- Supplied records
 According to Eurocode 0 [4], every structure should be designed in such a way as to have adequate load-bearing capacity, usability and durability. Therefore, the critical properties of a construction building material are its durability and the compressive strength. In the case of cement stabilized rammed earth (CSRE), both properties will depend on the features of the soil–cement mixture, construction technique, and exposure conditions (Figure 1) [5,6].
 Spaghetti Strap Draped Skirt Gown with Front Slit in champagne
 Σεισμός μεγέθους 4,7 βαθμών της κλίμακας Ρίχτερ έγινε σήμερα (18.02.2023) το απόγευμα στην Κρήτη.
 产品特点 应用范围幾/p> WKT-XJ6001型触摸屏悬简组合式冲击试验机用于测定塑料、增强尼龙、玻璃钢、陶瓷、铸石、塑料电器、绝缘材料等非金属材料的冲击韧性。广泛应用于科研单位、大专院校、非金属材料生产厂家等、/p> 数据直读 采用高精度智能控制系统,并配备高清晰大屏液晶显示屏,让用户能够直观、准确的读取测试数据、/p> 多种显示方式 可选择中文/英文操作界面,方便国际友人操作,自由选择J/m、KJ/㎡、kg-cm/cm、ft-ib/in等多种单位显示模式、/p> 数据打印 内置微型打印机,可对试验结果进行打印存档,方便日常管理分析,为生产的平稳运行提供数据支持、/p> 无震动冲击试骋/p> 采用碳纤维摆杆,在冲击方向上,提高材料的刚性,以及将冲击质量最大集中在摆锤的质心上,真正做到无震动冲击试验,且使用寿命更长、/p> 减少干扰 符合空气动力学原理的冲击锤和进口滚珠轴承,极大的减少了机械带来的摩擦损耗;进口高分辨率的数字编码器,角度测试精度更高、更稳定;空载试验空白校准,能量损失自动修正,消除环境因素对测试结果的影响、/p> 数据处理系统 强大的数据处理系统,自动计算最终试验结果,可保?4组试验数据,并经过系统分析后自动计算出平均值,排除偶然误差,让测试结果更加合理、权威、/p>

* * *

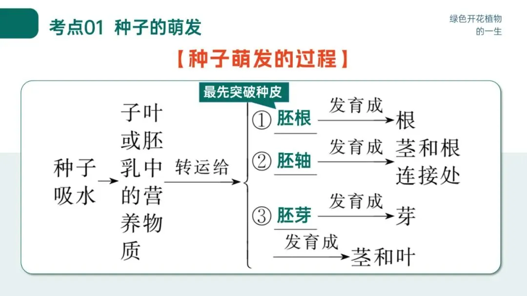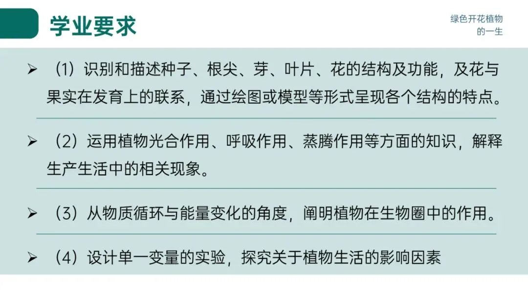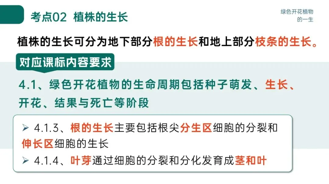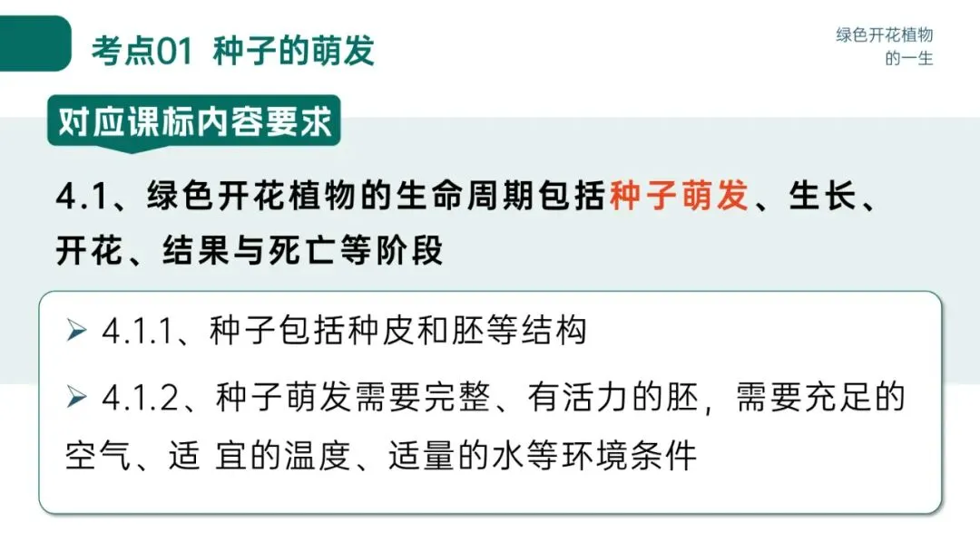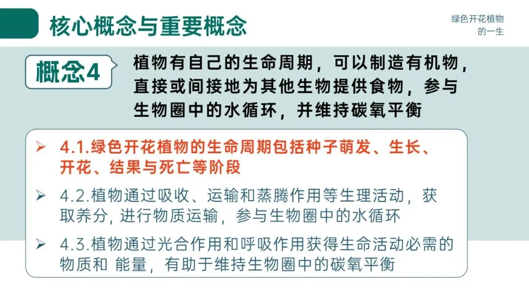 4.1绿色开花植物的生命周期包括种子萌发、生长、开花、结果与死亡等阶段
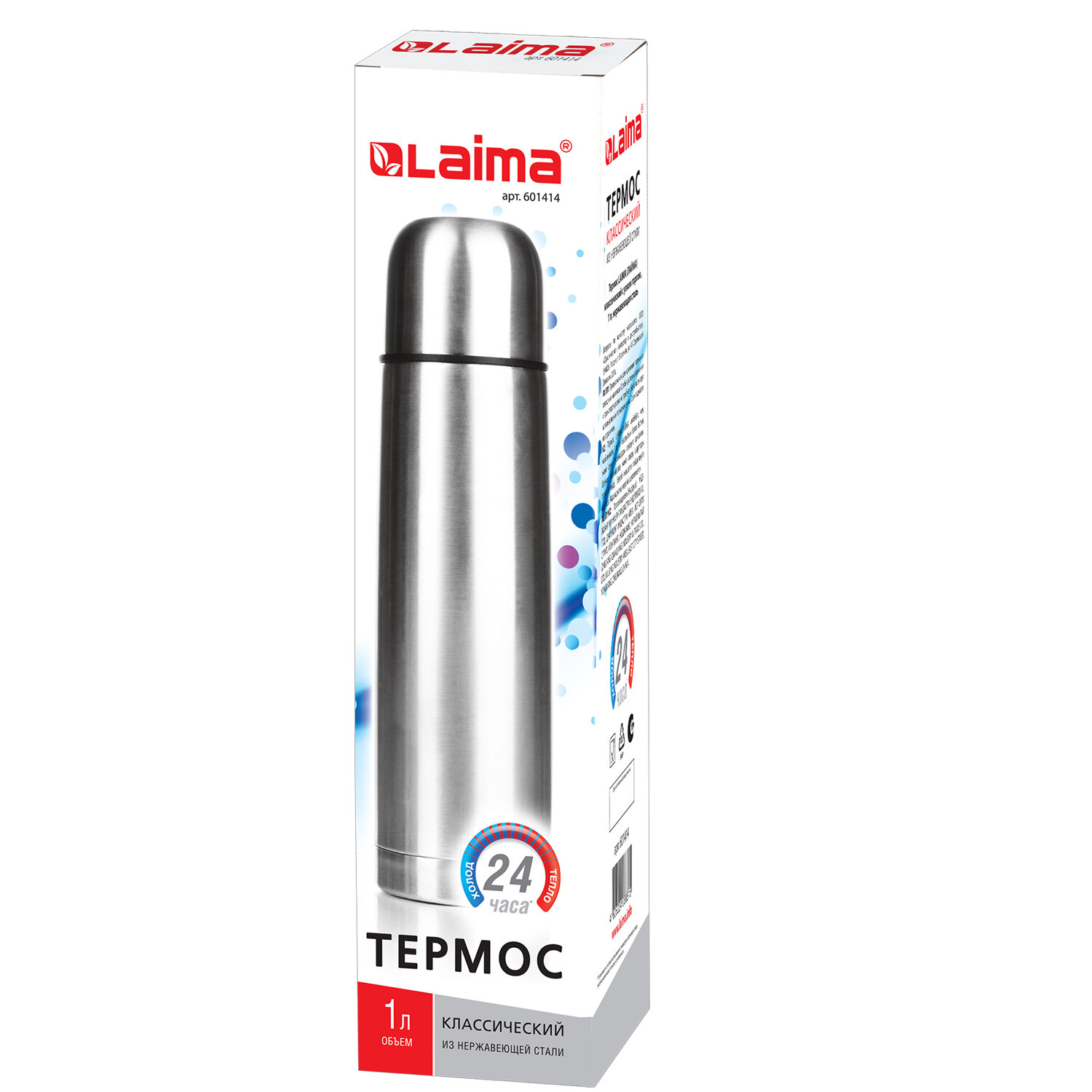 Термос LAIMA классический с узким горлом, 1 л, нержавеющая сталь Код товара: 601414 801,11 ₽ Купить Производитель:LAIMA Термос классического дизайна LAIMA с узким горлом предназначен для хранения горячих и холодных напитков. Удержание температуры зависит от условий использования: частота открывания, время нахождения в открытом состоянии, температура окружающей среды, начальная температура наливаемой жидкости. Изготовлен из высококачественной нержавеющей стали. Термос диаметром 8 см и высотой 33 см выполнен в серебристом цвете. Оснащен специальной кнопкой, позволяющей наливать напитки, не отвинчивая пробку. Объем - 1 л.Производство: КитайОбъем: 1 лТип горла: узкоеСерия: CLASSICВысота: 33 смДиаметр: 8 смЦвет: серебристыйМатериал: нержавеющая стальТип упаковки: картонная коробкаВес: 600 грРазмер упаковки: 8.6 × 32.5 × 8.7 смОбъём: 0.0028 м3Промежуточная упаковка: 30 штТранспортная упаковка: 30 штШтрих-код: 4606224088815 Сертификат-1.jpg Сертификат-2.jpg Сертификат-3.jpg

...

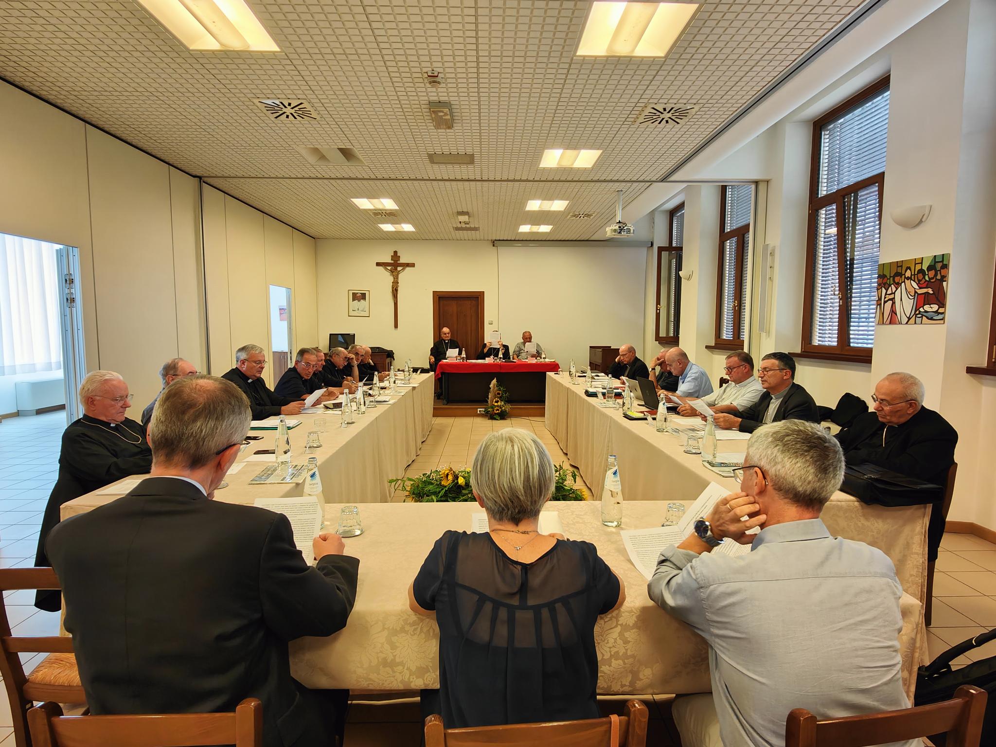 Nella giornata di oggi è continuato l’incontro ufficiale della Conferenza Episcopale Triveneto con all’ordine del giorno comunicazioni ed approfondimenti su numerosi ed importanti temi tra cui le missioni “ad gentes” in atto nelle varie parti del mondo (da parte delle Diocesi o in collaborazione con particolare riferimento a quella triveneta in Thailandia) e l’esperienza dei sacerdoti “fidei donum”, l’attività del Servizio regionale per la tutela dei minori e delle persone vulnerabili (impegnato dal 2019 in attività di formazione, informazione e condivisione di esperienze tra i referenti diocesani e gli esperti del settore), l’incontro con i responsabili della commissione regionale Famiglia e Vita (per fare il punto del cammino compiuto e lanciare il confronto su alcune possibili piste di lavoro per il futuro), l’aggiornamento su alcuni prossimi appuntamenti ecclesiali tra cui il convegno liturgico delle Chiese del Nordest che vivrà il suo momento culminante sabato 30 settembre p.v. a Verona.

- Action item
Look back at the entries above and repeat, unchanged, every line from the line holding "Σεισμός μεγέθους 4,7" through the line holding "数据直读 采用高精度智能控制系统,并配备高清晰大屏液晶显示屏,让用户能够直观、准确的读取测试数据、/p> 多种显示方式".

- Exercise solution
 Σεισμός μεγέθους 4,7 βαθμών της κλίμακας Ρίχτερ έγινε σήμερα (18.02.2023) το απόγευμα στην Κρήτη.
 产品特点 应用范围幾/p> WKT-XJ6001型触摸屏悬简组合式冲击试验机用于测定塑料、增强尼龙、玻璃钢、陶瓷、铸石、塑料电器、绝缘材料等非金属材料的冲击韧性。广泛应用于科研单位、大专院校、非金属材料生产厂家等、/p> 数据直读 采用高精度智能控制系统,并配备高清晰大屏液晶显示屏,让用户能够直观、准确的读取测试数据、/p> 多种显示方式 可选择中文/英文操作界面,方便国际友人操作,自由选择J/m、KJ/㎡、kg-cm/cm、ft-ib/in等多种单位显示模式、/p> 数据打印 内置微型打印机,可对试验结果进行打印存档,方便日常管理分析,为生产的平稳运行提供数据支持、/p> 无震动冲击试骋/p> 采用碳纤维摆杆,在冲击方向上,提高材料的刚性,以及将冲击质量最大集中在摆锤的质心上,真正做到无震动冲击试验,且使用寿命更长、/p> 减少干扰 符合空气动力学原理的冲击锤和进口滚珠轴承,极大的减少了机械带来的摩擦损耗;进口高分辨率的数字编码器,角度测试精度更高、更稳定;空载试验空白校准,能量损失自动修正,消除环境因素对测试结果的影响、/p> 数据处理系统 强大的数据处理系统,自动计算最终试验结果,可保?4组试验数据,并经过系统分析后自动计算出平均值,排除偶然误差,让测试结果更加合理、权威、/p>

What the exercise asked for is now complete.